3.1.1. Origin and Nature of Data

The dataset collects real transactional information (anonymized) that combines three critical dimensions of the business: Sales, Logistics and Finance. Unlike synthetic datasets, this file has the inherent imperfections and complexity of the real world, making it an ideal candidate for training robust machine learning models.

The volume of data amounts to approximately 180,000 transactional records. Each row in the dataset represents an item within a purchase order, providing a fine granularity that allows behavior to be analyzed not only by order, but by specific product.

3.1.2. Dictionary of Variables (Main Characteristics)

The original structure of the dataset stands out for its high dimensionality (more than 50 columns). For the purposes of this study, the variables have been categorized into four functional groups:

  1. Temporal and Logistic Variables: They are the core of the predictive model. They include order and shipping dates, as well as modes of transport (Standard Class, First Class, Second Class, Same Day, etc…).
  2. Geographical Variables: Detailed information on the topology of the supply network.
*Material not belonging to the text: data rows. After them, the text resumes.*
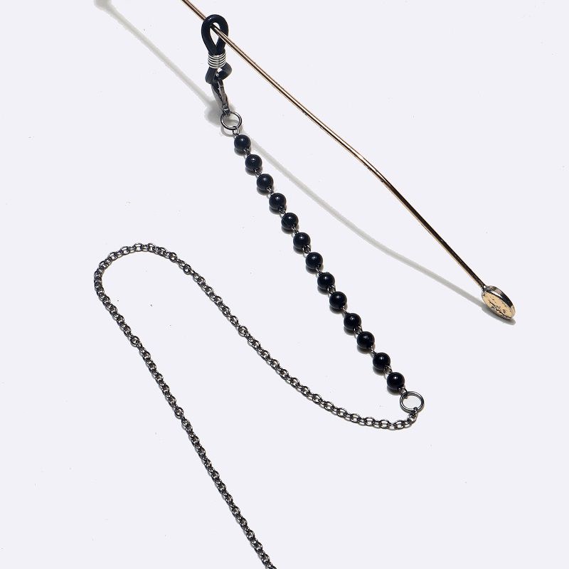 Black-colored metal non-slip chain, with black pearls, for glasses and masks GL1397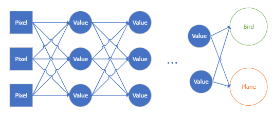 Figure 1 shows how the machine starts at pixels of the image and feeds them through a network-like structure (like, a neural network? Hint-Hint). We start at the image's pixel values and have layer after layer of intermediate nodes. Then, in the end, we have the two output nodes, which represent the two numbers "is a bird" and "is a plane." The connections between the nodes say, "Take the value of the current node, multiply it by a factor, and pass it along."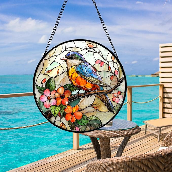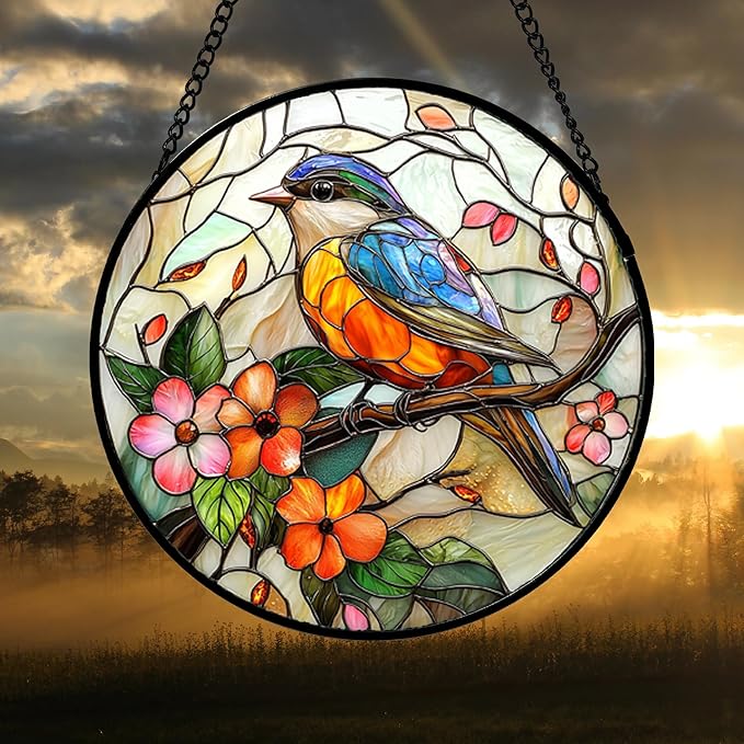 - Stained Glass Kit : This beautifully sun catcher is made of high quality diamond glass UV printed with metal frame and chain, ready to hang on windows, doors, porches, walls.This colorful glass decor perfect for home decoration or as a creative gift for neighbors.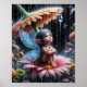 Eine niedliche kleine Fee, die unter einer großen Blume im Regen sitzt.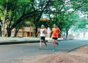 With Ramesh Kanjilimadhom; from a regular Soles of Cochin run near CUSAT in Kochi (Photo: courtesy Paul P.I)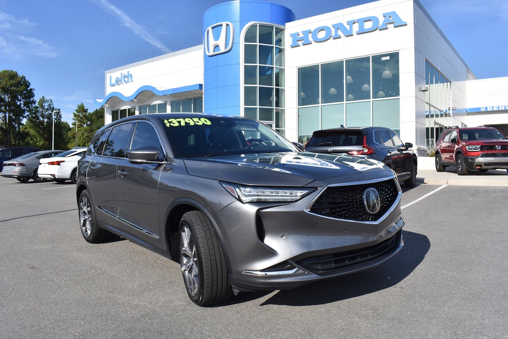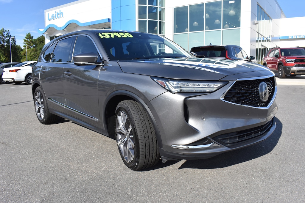 CARFAX One-Owner. Liquid Carbon Metallic 2022 Acura MDX Technology FWD 10-Speed Automatic 3.5L V6 SOHC i-VTEC 24V 12 Speakers, 3rd row seats: split-bench, 4-Wheel Disc Brakes, 4.17 Axle Ratio, A/V remote: CabinControl, ABS brakes, Air Conditioning, Alloy wheels, AM/FM radio: SiriusXM, Anti-whiplash front head restraints, Apple CarPlay/Android Auto, Audio memory, Auto High-beam Headlights, Auto tilt-away steering wheel, Auto-dimming Rear-View mirror, Automatic temperature control, Brake assist, Bumpers: body-color, Compass, Delay-off headlights, Dual front impact airbags, Dual front side impact airbags, Electronic Stability Control, Emergency communication system: AcuraLink, Exterior Parking Camera Rear, Four wheel independent suspension, Front anti-roll bar, Front Bucket Seats, Front Center Armrest, Front dual zone A/C, Fully automatic headlights, Garage door transmitter: HomeLink, Heated door mirrors, Heated front seats, Heated Front Sport Seats, HVAC memory, Illuminated entry, Knee airbag, Lane departure: Lane Keeping Assist System (LKAS) active, Leather steering wheel, Low tire pressure warning, Memory seat, Navigation system: Acura Navigation System with 3D View, Occupant sensing airbag, Outside temperature display, Overhead airbag, Panic alarm, Perforated Premium Milano Leather Trimmed Seats, Power door mirrors, Power driver seat, Power Liftgate, Power moonroof, Power passenger seat, Power steering, Power windows, Premium audio system: Acura/ELS Surround, Radio data system, Radio: ELS Studio Premium Audio System, Rain sensing wipers, Rear air conditioning, Rear anti-roll bar, Rear reading lights, Rear seat center armrest, Rear window defroster, Rear window wiper, Remote keyless entry, Security system, Speed control, Speed-sensing steering, Speed-Sensitive Wipers, Split folding rear seat, Spoiler, Steering wheel memory, Steering wheel mounted audio controls, Tachometer, Telescoping steering wheel, Tilt steering wheel, Traction control, Trip computer, Turn signal indicator mirrors, Variably intermittent wipers, Wheels: 20" x 9" Aluminum Alloy.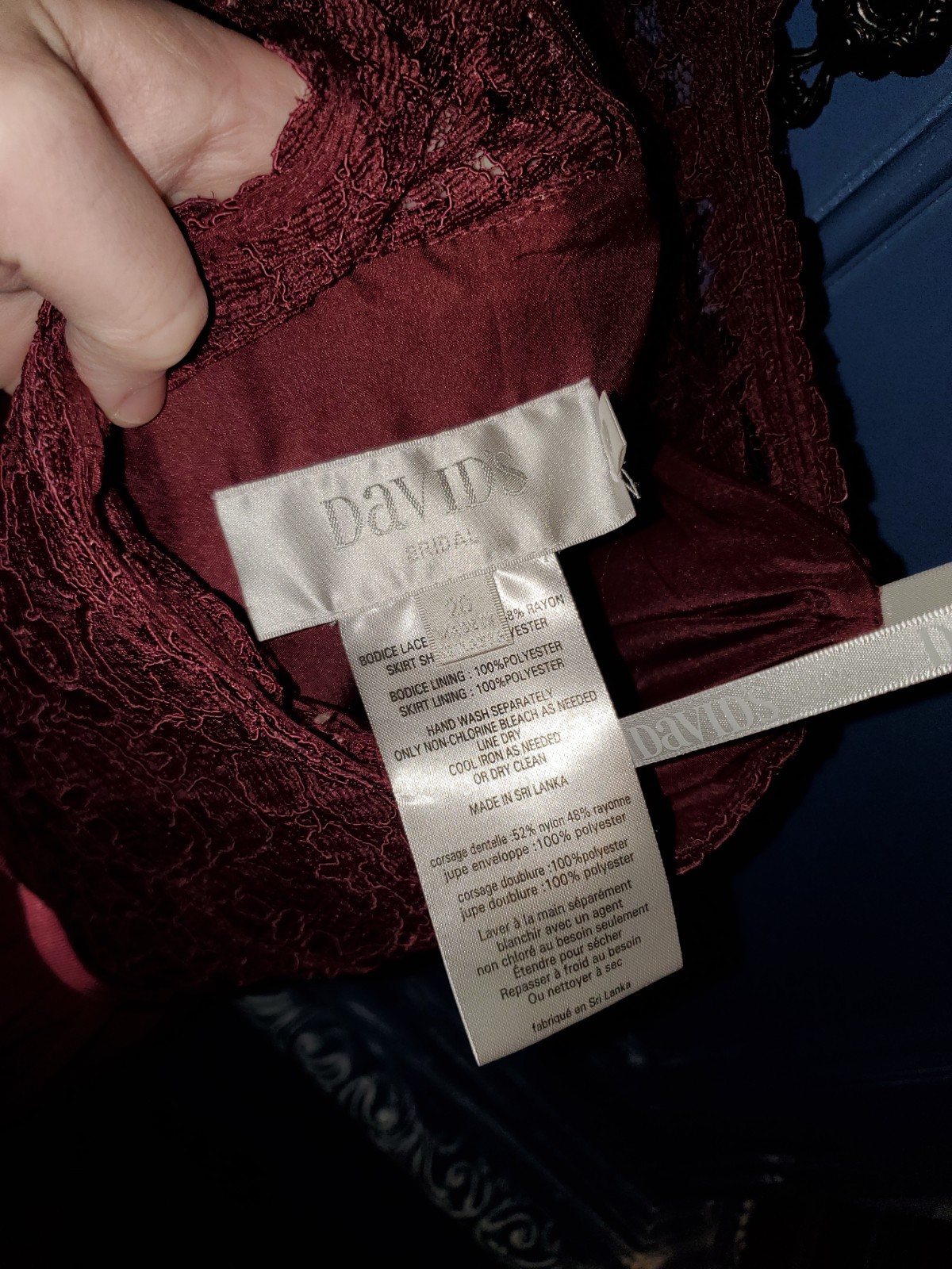 Davids Bridal Bridesmaid Formal Dress Burgundy Wine Size 20, Worn Once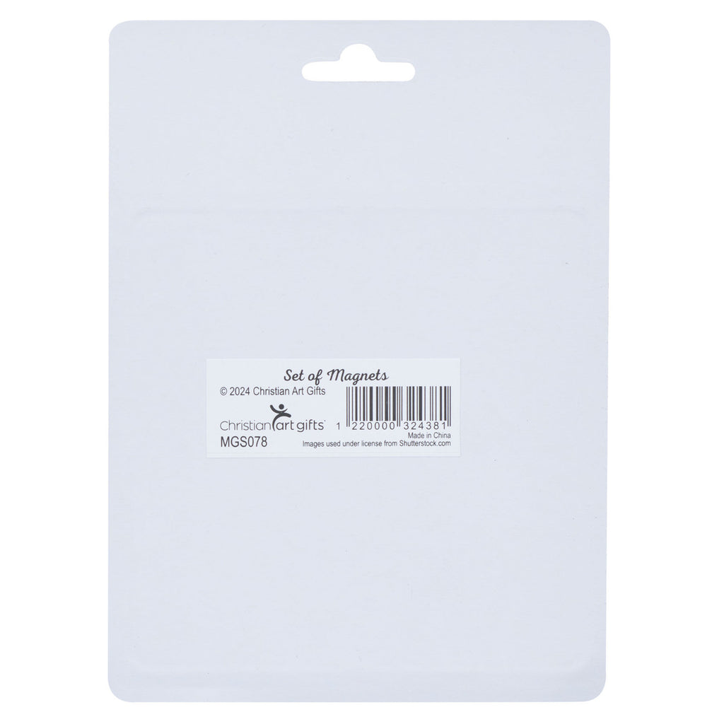 The set of four magnets is united by a blue floral theme and positive Scripture verses.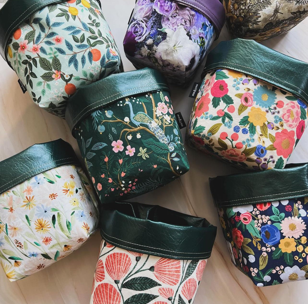 Our Catch All Bags are perfect for a cute garbage in your car, make up brushes or toiletries in the bathroom or throwing your keys in! They are all lined with a vinyl to make it easy for cleaning!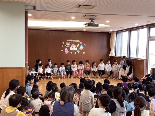 5月20日(火)に誕生会が行われました。5月は8名のお友だちが誕生日を迎えます。インタビューでは好きな動物や食べ物を教えてくれました。先生の出し物は「バルーンシアター」で幼児組の誕生児のお友だちも参加し楽しい会になりました。

It includes both the origin (country/city of the warehouse) and the destination of the customer (Order Country, Order Region, Order City, etc…).
  3. Product and Business Variables: Attributes that describe what is moving. It includes Category Name (Electronics, Sports, etc.), product price and customer segment (Consumer, Corporate, Home Office).
  4. Target Variable: The dataset includes the Late_delivery_risk field, a binary variable:
  • 0: Shipment on time.
  • 1: Delayed shipment.

3.2. Exploratory Data Analysis (EDA)

Exploratory Data Analysis (EDA) is the critical phase of understanding the problem. Before submitting the information to any algorithm, a descriptive and visual statistical study was carried out on the 180,519 records that make up the dataset, with the aim of identifying patterns, anomalies and determining factors of the delay.

The following are the four main findings that defined the post-modeling strategy.

3.2.1. Balance of Classes and Dataset Health

The first step was to evaluate the distribution of the target variable (Late_delivery_risk). A severe imbalance would have required synthetic resampling techniques, but the analysis revealed a favorable scenario for machine learning:

  • Global Delay Rate: 54.8% of registered orders suffered some type of delay.
  • Conclusion: The dataset is considered technically balanced (close to 50/50 ratio). This validates the use of the Accuracy metric as a reliable indicator and eliminates the need to apply oversampling techniques (such as SMOTE) in the pre-processing phase.
Illustration 7: EDA — Dist. AND (Delays)

3.2.2. Temporal Impact: The “Lag Gap”

The Days_Difference variable (difference between the scheduled date and the actual delivery date) was analyzed to quantify the operational impact. The results show a significant divergence:

  • Delayed Shipments: They present an average deviation of +1.62 days from the promised date.
  • On-Time Shipments: They arrive with an average advance of -0.71 days.
  • Real Impact: In terms of customer experience, a delay is not just a binary breach, but adds an additional 2.33 days of average wait compared to a successful shipment.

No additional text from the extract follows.